Zusammenspiel von Pflege- und Herstellungsprozessen
Besonders spannend wird es an der Schnittstelle von Dienstleistung und Produkt. Die Vielzahl der Einflussgrößen, die in Pflegeprozessen ehedem eine Rolle spielen – wie oben dargestellt unter anderem Individualität, Gesellschaftsnormen, Ethik – wird erweitert durch das Zusammenwirken mit Technik und Digitalisierung. Das ist eine besondere Herausforderung für die Normung, weil zu beobachten ist, dass die dafür erforderlichen Expert:innen meist Kompetenzen aus einer abgegrenzten Schnittmenge, zum Beispiel dem Schmerzmanagement, mitbringen. Das technisch-funktionale Know-how zu einem Hilfsmittelprodukt zur Schmerzreduktion liegt gewöhnlich bei einer anderen Person. Für den Anwendungsprozess sind beide Seiten entscheidend, die Qualität der Leistung hängt auch vom Verständnis der jeweiligen Normungsperspektive ab.
Pflege: Normen freiwillig, Standards verbindlich
Hier wird auch der Unterschied zwischen Standards und Normen in der Pflege deutlich. Der prominenteste ist banal, dass die Normung nämlich von anerkannten Normungsgremien durchgeführt wird. Dazu gehören neben DIN/ISO auch DKE/IEC und andere. Die Anwendung dieser Normen ist freiwillig, außer wenn sie durch eine Rechtsverordnung vorgeschrieben sind.
An der Schnittstelle der Pflege zur Technik, vor allem bei Prozessen im Zusammenhang mit der Nutzung digitaler Technologien, werden Normen und Anwendungsregeln entwickelt. Sie unterstützen Herstellende bei der Erschaffung von praxistauglichen Produkten. Sie geben Dienstleistern Hinweise, welche Qualifikationen die Anwender benötigen, um den fachlichen Output zu erhöhen und das Outcome bei Pflegeklient:innen zu verbessern.
Pflegestandards hingegen werden in Deutschland unter Federführung des Deutschen Netzwerks für Qualitätsentwicklung in der Pflege (DNQP) entwickelt. Dies geschieht in einem weitestgehend nicht öffentlichen Verfahren. Dennoch haben diese Standards aber berufsethisch, organisations- und auch haftungsrechtlich verbindlichen Charakter. Sie beschreiben die wissenschaftlich konsentierten Rahmenbedingungen für evidenzbasiertes Handeln im Zusammenhang mit Pflegephänomenen: Wundversorgung, Sturzvorbeugung, Hautschutz, et cetera.
Fazit
Normung dient wie auch die Standardisierung der Sicherung und Verbesserung der Qualität der Pflege. Im Englischen werden die Begriffe sogar synonym benutzt und die jeweilige Bedeutung des Wortes „standard“ ist nur aus dem Kontext zu erschließen.

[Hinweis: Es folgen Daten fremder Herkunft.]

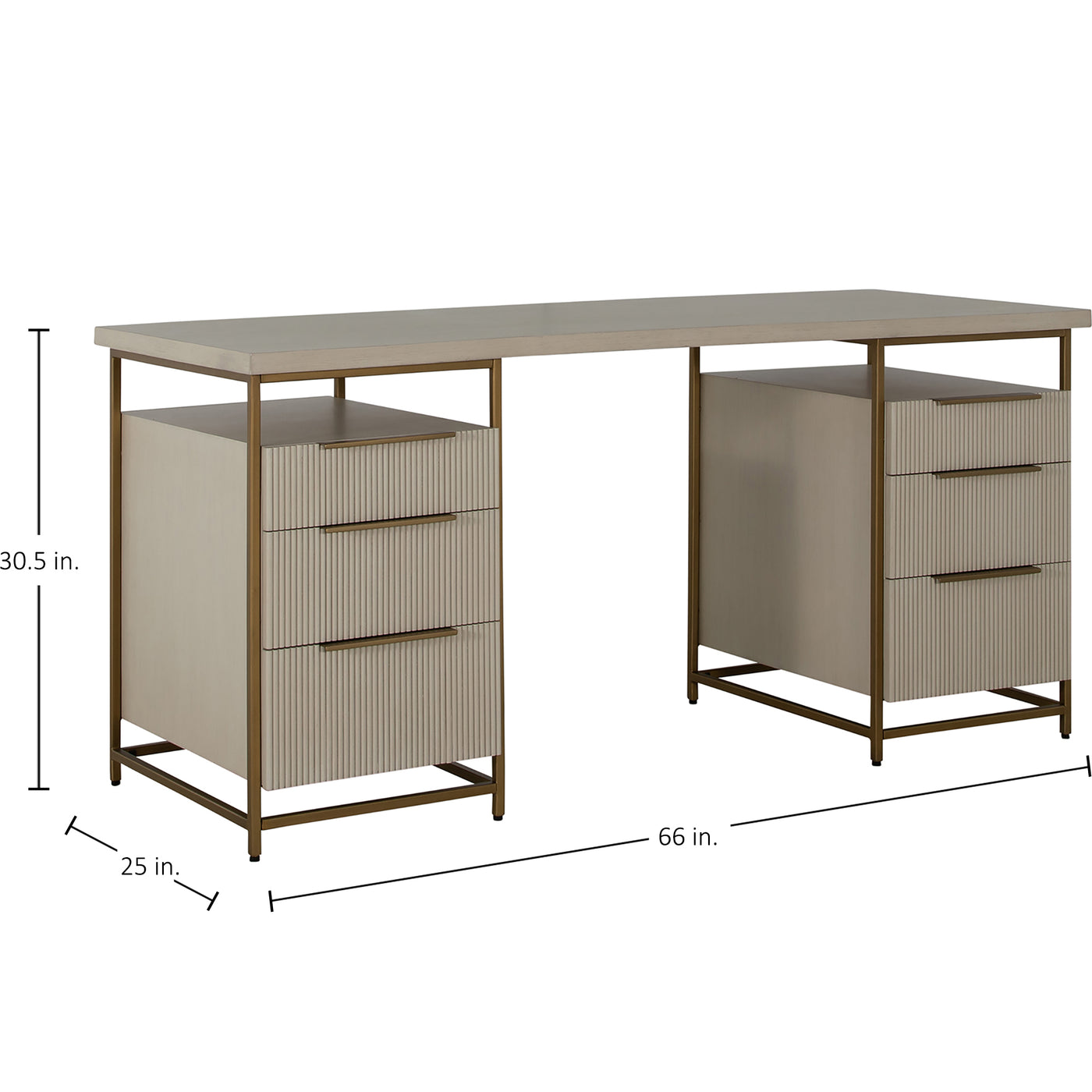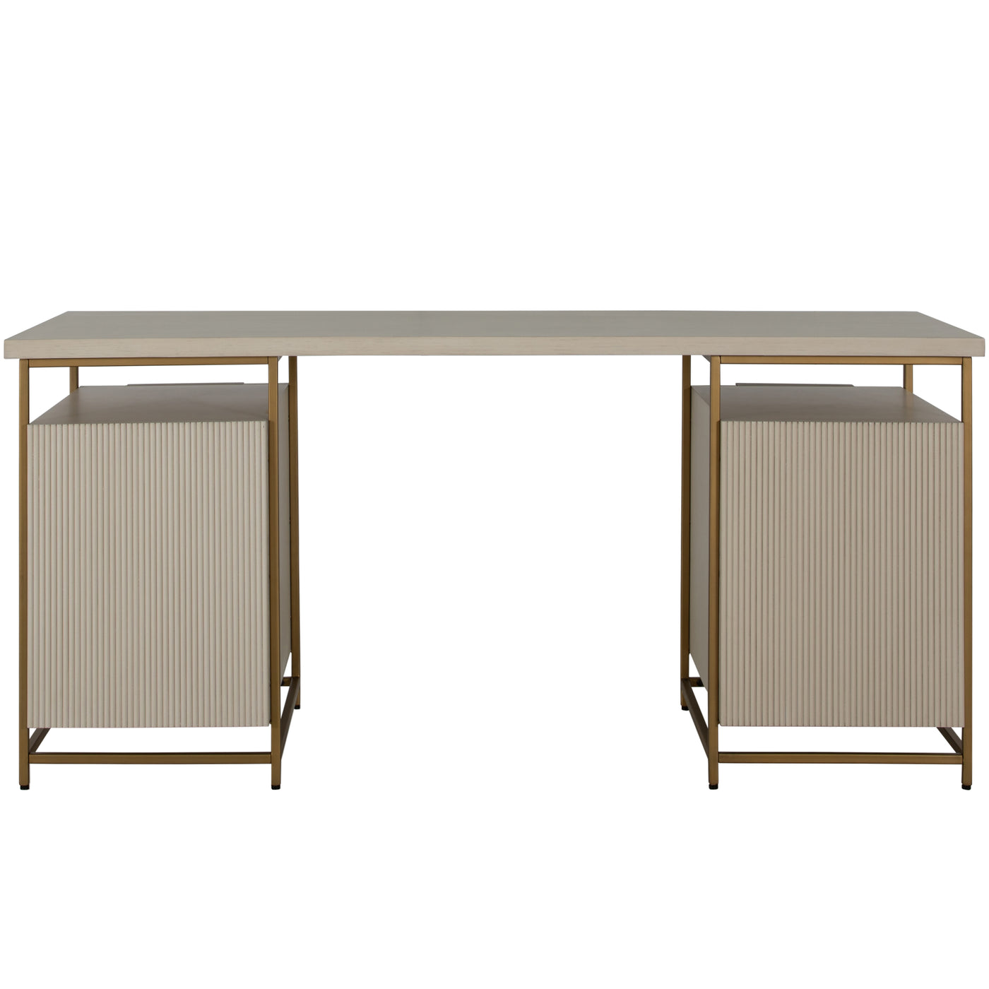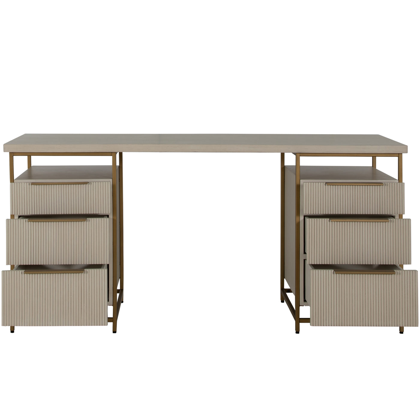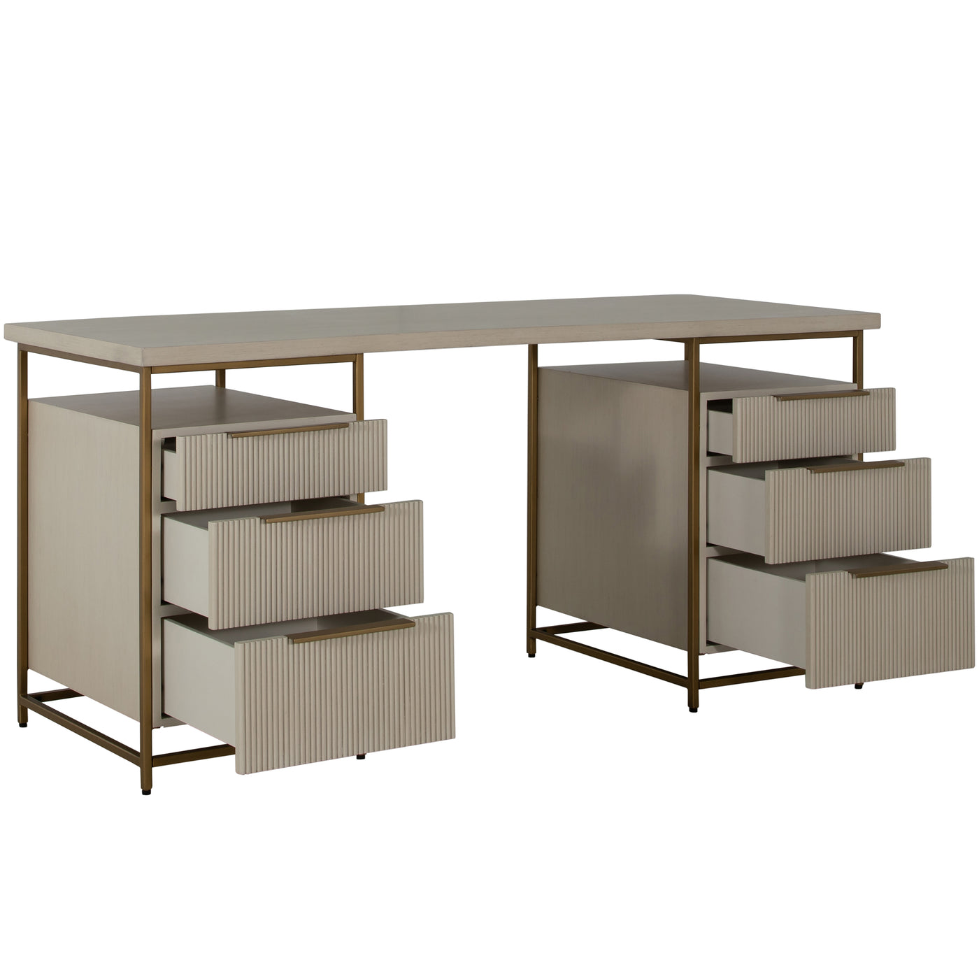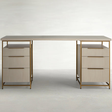 The Rowen Desk, inspired by the Riggs Nightstand, is designed for office spaces with a focus on functionality and ample storage. It features three enclosed fluted pull-out drawers and an open surface on each side, providing extensive storage options without compromising on design. The combination of brass details with a sesame white finish gives the desk an elevated and sophisticated appearance. Despite its generous storage capacity, the desk maintains a light and airy feel, making it an ideal choice for those seeking a blend of practicality, style, and spaciousness in their workspace.

Normen und Standards werden ergänzt durch Verordnungen, Richt- und Leitlinien sowie Rechtsvorschriften und Gesetze und stehen im Zusammenhang mit gesellschaftlichen Normen, mit denen in der Pflege eine starke Wechselwirkung besteht.
Bei dem Thema Normung denkt man vielleicht nicht zuerst an die Pflege. Aber es ist klar, dass sie wichtig ist und ebenso wie die Standardisierung von Pflegeprozessen gute Pflege ermöglicht.